Data records
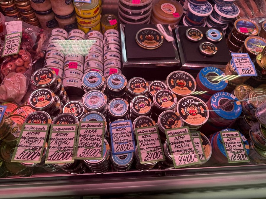 Прилавок, например, на Первореченском рынке во Владивостоке заставлен разномастными баночками под брендом «Каспийские деликатесы» (г. Астрахань). Это дойная икра разных сортов по разным ценам. Так, цена килограмма нетто икры стерляди на «первореченском» сегодня составляет 68 000 руб., а намного более вкусной осетровой — 100 000 руб.
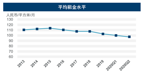 2020年第二季度,大連市甲級寫字樓市場無新增供應,總存量約92.2萬平方米。隨著市場競爭加劇,市場步入租戶市場模式,多個項目業主采取調整租金策略或以增加免租期、裝修期等優惠政策促進成交,致使平均租金環比下降2.8%至每月每平方米人民幣97.3元。
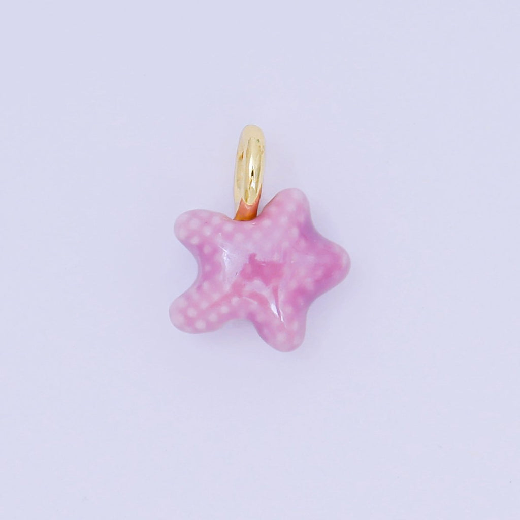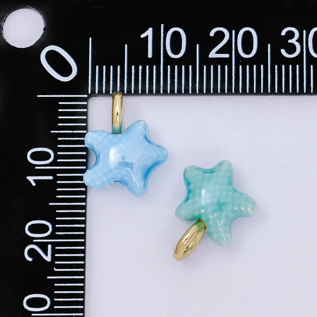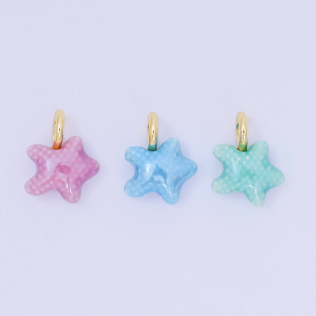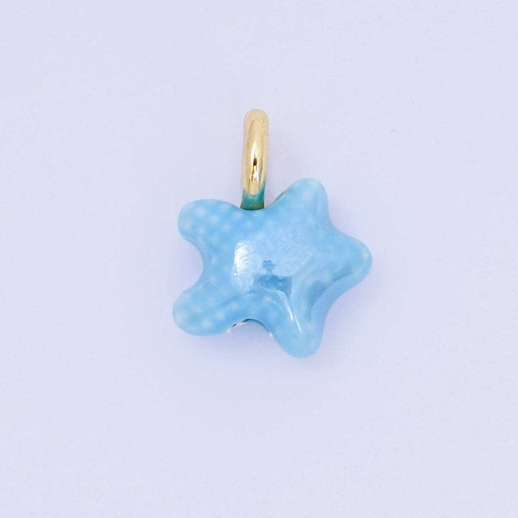 24K Gold Filled 15mm Ceramic Art Pastel Polkadot Star Charm in Blue, Green, & Purple | D-481 D-512
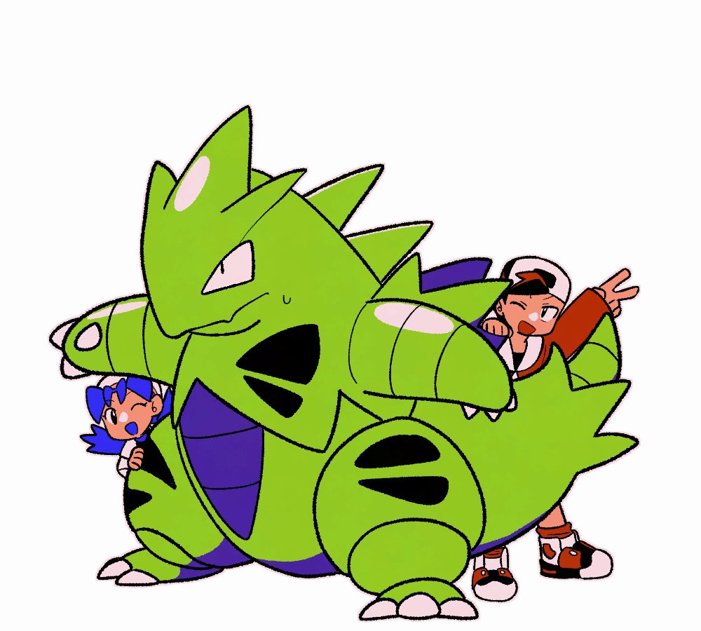 1boy 1girl ;d arm_up blue_hair ethan_(pokemon) gen_2_pokemon hat jacket kris_(pokemon) nintendo one_eye_closed open_mouth peeking_out pokemon pokemon_(creature) pokemon_gold/silver/crystal red_jacket red_socks shoes simple_background smile socks standing twintails tyako_089 tyranitar v white_background white_hat white_jacket
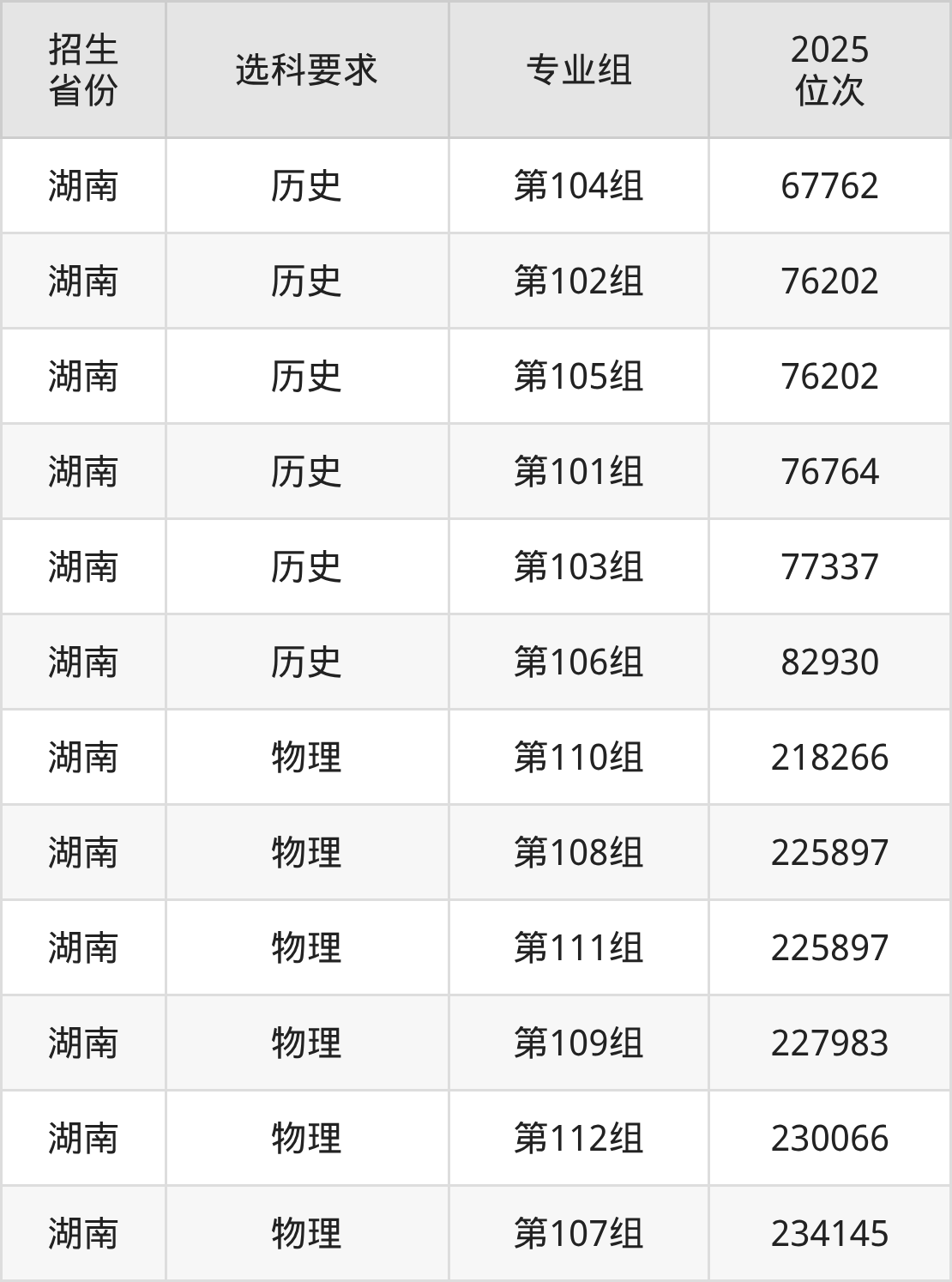 湖南艺术职业学院2025年的位次差异较大,最高位次是67762位(湖南历史类)、最低位次是234145位(湖南物理类)。具体位次请看下图:
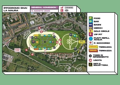 Dove si entra? L'accesso all'Ippodromo La Maura è da via Ippodromo (angolo via Montale, dove è anche posizionata la biglietteria) per chi ha un biglietto standard, mentre i possessori di biglietti gold circle e vip pack con ingresso anticipato possono entrare unicamente dal varco di via Lampugnano (ingresso del Parco di Trenno). All'interno dell'area, dall'orario di apertura dei cancelli, è a disposizione dei fan un photo wall, così come sono disponibili su tavoli vicono agli ingressi speciali Fan Banners da ritirare gratuitamente fino a esaurimento scorte.
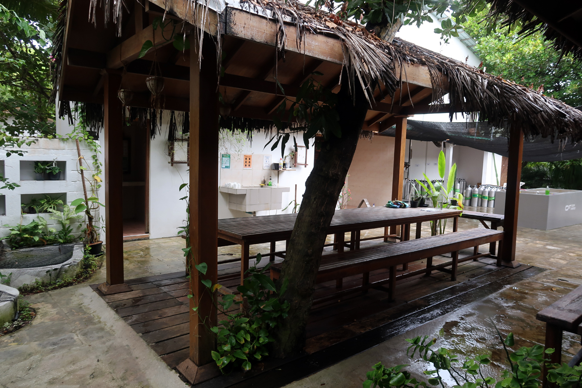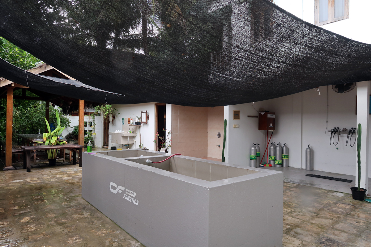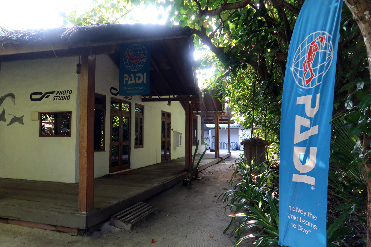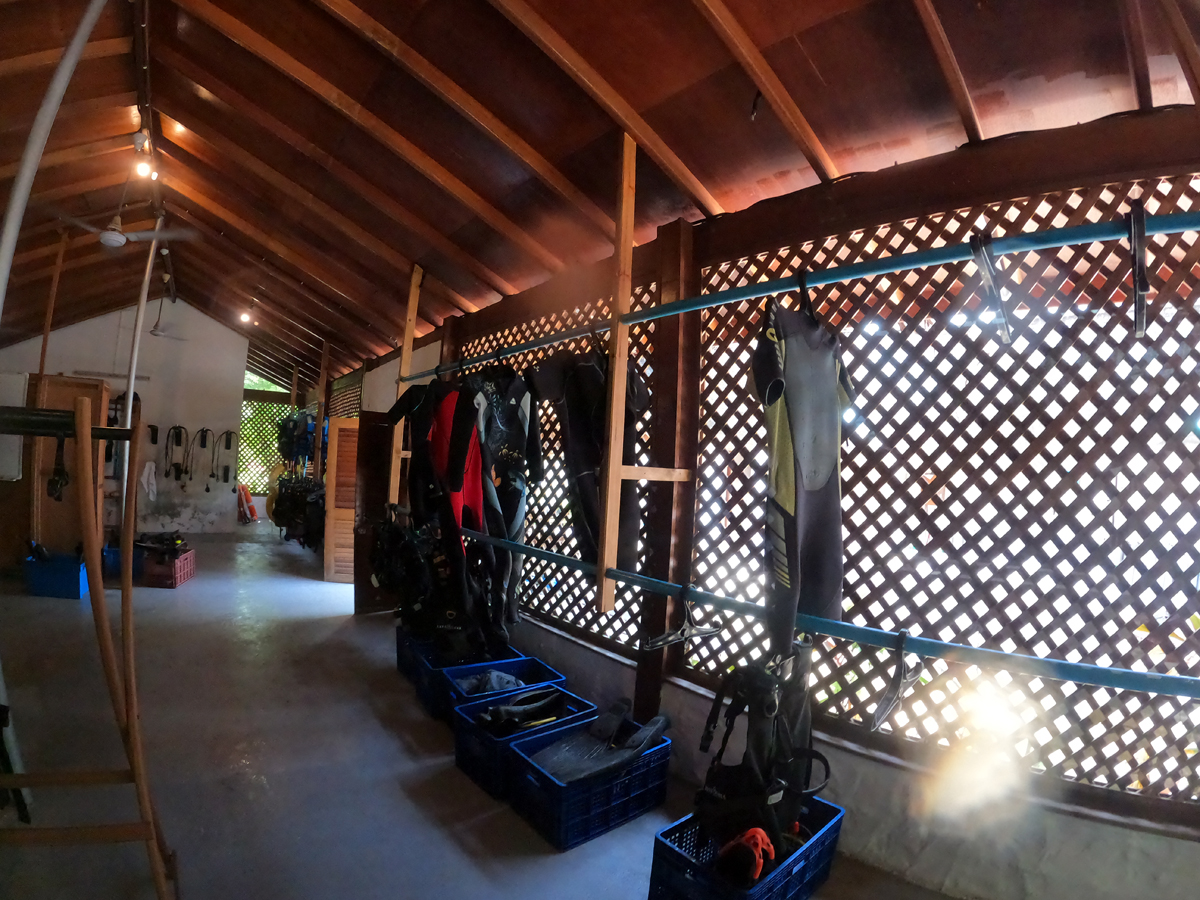 Die Tauchbasis gehört zum Hotel, was schon daran sichtbar wird, dass hier keine große Kette aktiv ist und die Abrechnung zum Schluss über die Zimmerrechnung erfolgt. So ist auch die Vorausbuchung von Tauchpaketen nicht üblich und nicht nötig. Klar: Die Anzahl der Gäste auf so einer Malediveninsel ist gut kalkulierbar und Auslastungswerte wird man im Basismanagement sicher sehr genau kennen, so dass solche Maßnahmen nicht nötig sind. Was im übrigen auch seitens der Gäste kurzfristige Entscheidungen zu tauchen leicht macht.

Aim of the task
Transcribe the listing above in full. Pictures are not part of the copy.

Answer
 Прилавок, например, на Первореченском рынке во Владивостоке заставлен разномастными баночками под брендом «Каспийские деликатесы» (г. Астрахань). Это дойная икра разных сортов по разным ценам. Так, цена килограмма нетто икры стерляди на «первореченском» сегодня составляет 68 000 руб., а намного более вкусной осетровой — 100 000 руб.
 2020年第二季度,大連市甲級寫字樓市場無新增供應,總存量約92.2萬平方米。隨著市場競爭加劇,市場步入租戶市場模式,多個項目業主采取調整租金策略或以增加免租期、裝修期等優惠政策促進成交,致使平均租金環比下降2.8%至每月每平方米人民幣97.3元。
 24K Gold Filled 15mm Ceramic Art Pastel Polkadot Star Charm in Blue, Green, & Purple | D-481 D-512
 1boy 1girl ;d arm_up blue_hair ethan_(pokemon) gen_2_pokemon hat jacket kris_(pokemon) nintendo one_eye_closed open_mouth peeking_out pokemon pokemon_(creature) pokemon_gold/silver/crystal red_jacket red_socks shoes simple_background smile socks standing twintails tyako_089 tyranitar v white_background white_hat white_jacket
 湖南艺术职业学院2025年的位次差异较大,最高位次是67762位(湖南历史类)、最低位次是234145位(湖南物理类)。具体位次请看下图:
 Dove si entra? L'accesso all'Ippodromo La Maura è da via Ippodromo (angolo via Montale, dove è anche posizionata la biglietteria) per chi ha un biglietto standard, mentre i possessori di biglietti gold circle e vip pack con ingresso anticipato possono entrare unicamente dal varco di via Lampugnano (ingresso del Parco di Trenno). All'interno dell'area, dall'orario di apertura dei cancelli, è a disposizione dei fan un photo wall, così come sono disponibili su tavoli vicono agli ingressi speciali Fan Banners da ritirare gratuitamente fino a esaurimento scorte.
 Die Tauchbasis gehört zum Hotel, was schon daran sichtbar wird, dass hier keine große Kette aktiv ist und die Abrechnung zum Schluss über die Zimmerrechnung erfolgt. So ist auch die Vorausbuchung von Tauchpaketen nicht üblich und nicht nötig. Klar: Die Anzahl der Gäste auf so einer Malediveninsel ist gut kalkulierbar und Auslastungswerte wird man im Basismanagement sicher sehr genau kennen, so dass solche Maßnahmen nicht nötig sind. Was im übrigen auch seitens der Gäste kurzfristige Entscheidungen zu tauchen leicht macht.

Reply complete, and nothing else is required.